[To do] Output everything in the data exactly, leaving the pictures out.

[Supplied material]
======
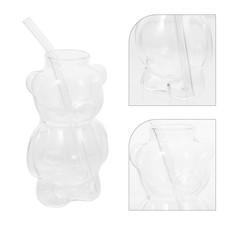 NONE Tasses en verre mignonnes avec paille, résistantes à la chaleur, pour café, lait, eau, avec couvercle en paille, jus, Smoothie, boissons froides, tasse d'eau en paille, 1 pièce
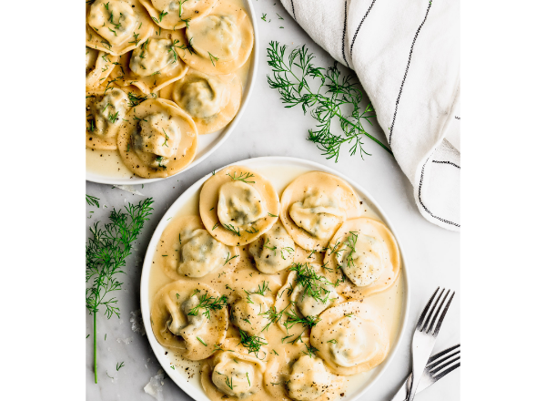 Pasta en forma de triangulo rellena de 5 quesos con la salsa de tu preferencia
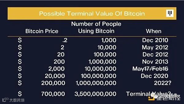 使用这些关系,我们可以推测比特币可能的最终价值。 如果按每百万名用户200美元继续上涨,比特币价格将达到70万美元。
======
[Response below]
 NONE Tasses en verre mignonnes avec paille, résistantes à la chaleur, pour café, lait, eau, avec couvercle en paille, jus, Smoothie, boissons froides, tasse d'eau en paille, 1 pièce
 Pasta en forma de triangulo rellena de 5 quesos con la salsa de tu preferencia
 使用这些关系,我们可以推测比特币可能的最终价值。 如果按每百万名用户200美元继续上涨,比特币价格将达到70万美元。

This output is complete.